When a duplicate check EP node is configured in the mediation node chain, depending on the configuration in the NPL rule file, the records are processed as follows:

  1. The collection cartridge (CC) node processes the CDR input file.

  2. If the input file is successfully processed by the CC node, the duplicate check EP node processes the CDR data as follows:

    • Memory partitions and duplicate check files are created based on the configured partition size and the CDR timestamp.

    • When a CDR arrives, the appropriate partition is loaded into memory.

    • The duplicate check keys are stored in the appropriate partition and the duplicate check file based on the CDR timestamp.

    • The key from the incoming CDRs belonging to the same time interval is compared with the keys stored in the partition.

    • If a duplicate key is found in the partition, the record is rejected and the duplicate record is written to a file in the duplicate record storage directory.

    • If a duplicate key is not found, the key is added to the list of keys in the partition and the duplicate check file, and the CDR is distributed to the next node in the mediation node chain.

    • If the maximum number of partitions to be stored in memory is reached, the oldest partition is deleted from memory.
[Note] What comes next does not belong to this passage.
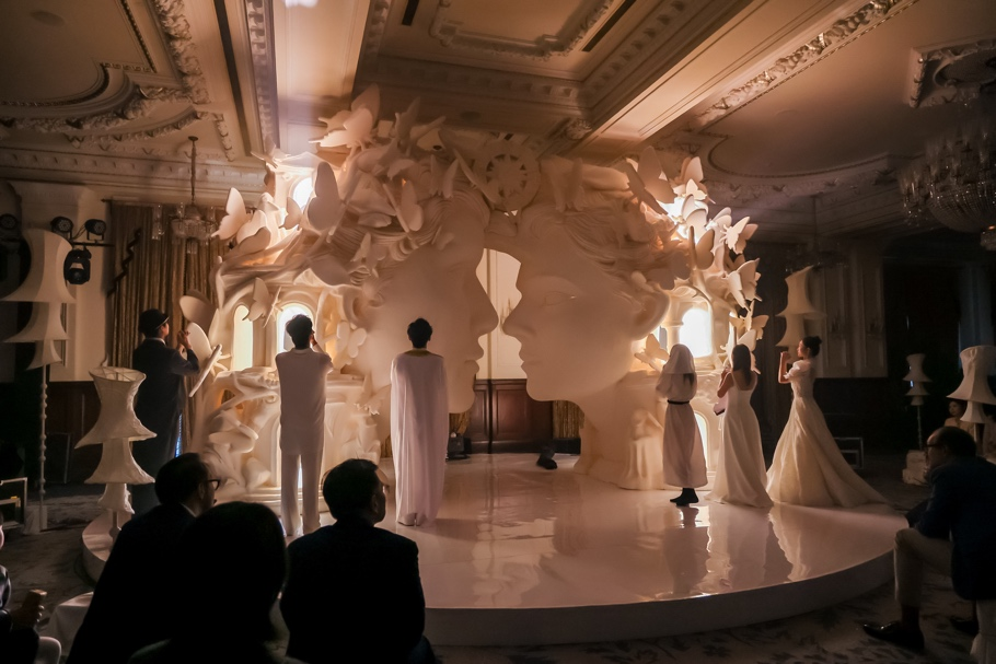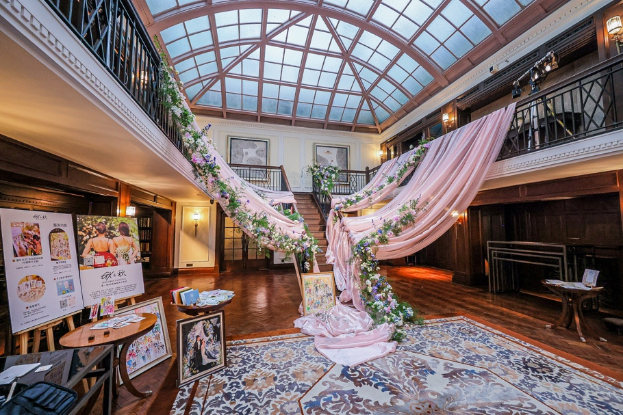 移步万卷廊,画师将以速写笔触为新人记录当下最动人的瞬间;浦江汇内设有花艺工坊,宾客可根据不同花语挑选鲜花,亲手制作一束独一无二的捧花;而在上海总会厅,一场沉浸式舞台剧《左右》将倾情上演,以专业演绎与光影叙事,营造出身临其境的浪漫氛围,让每一位来宾在爱与艺术的交融中,感受婚礼的无限可能。

    • When the partition reaches its configured retention time, the partition and the duplicate check file are deleted.

    For example:

    • If a duplicate check EP node is configured with the partition size set to Hourly and the retention time set to 24 hours:

      When a CDR arrives with the following data:

      20140723104450,9945168238,VOICE,101
      20140723105450,9945168239,VOICE,102
      20140723104050,9945168240,VOICE,103
      20140723103050,9945168241,VOICE,104
      

      a new partition is created for the hour with the timestamp 2014-07-23T10-00-00.000_2014-07-23T11-00-00.000, the keys are stored in the partition and the duplicate check file, and the duplicate flag in the record is set to 0, indicating it as a non-duplicate record.

      When another CDR arrives with the following data:

      20140723104450,9945168238,VOICE,101
      20140723105450,9945168239,VOICE,102
      

      the CDR data keys are compared with the keys stored in the partition, and the duplicate flag in the record is set to 1, indicating it as a duplicate record.

      When another CDR arrives with the following data:

      20140722084450,9945168238,VOICE,101 
      20140722085450,9945168239,VOICE,102 
      

      the CDR is identified as an old record, and the duplicate flag in the record is set to -1.

      After 24 hours, the partition and the duplicate check file that have reached the retention time are deleted.

    • If a duplicate check EP node is configured with the partition size set to Daily and the retention time set to 2 days:

      When a CDR arrives with the following data:

      20140723104450,9945168238,VOICE,101
      20140723105450,9945168239,VOICE,102
      20140723104050,9945168240,VOICE,103
      20140723103050,9945168241,VOICE,104
      

      a new partition is created for the day with the timestamp 2014-07-23T00-00-00.000_2014-07-24T00-00-00.000, the keys are stored in the partition and the duplicate check file, and the duplicate flag in the record is set to 0, indicating it as a non-duplicate record.

      When another CDR arrives with the following data:

      20140723104450,9945168238,VOICE,101
      20140723105450,9945168239,VOICE,102
      

      the CDR data keys are compared with the keys stored in the partition, and the duplicate flag in the record is set to 1, indicating it as a duplicate record.

      When another CDR arrives with the following data:

      20140720104450,9945168238,VOICE,101 
      20140720105450,9945168239,VOICE,102 
      

      the CDR is identified as an old record, and the duplicate flag in the record is set to -1.

      After 2 days, the partition and the duplicate check file that have reached the retention time are deleted.

  3. The next node in the mediation node chain processes the CDR, which is distributed to the target system.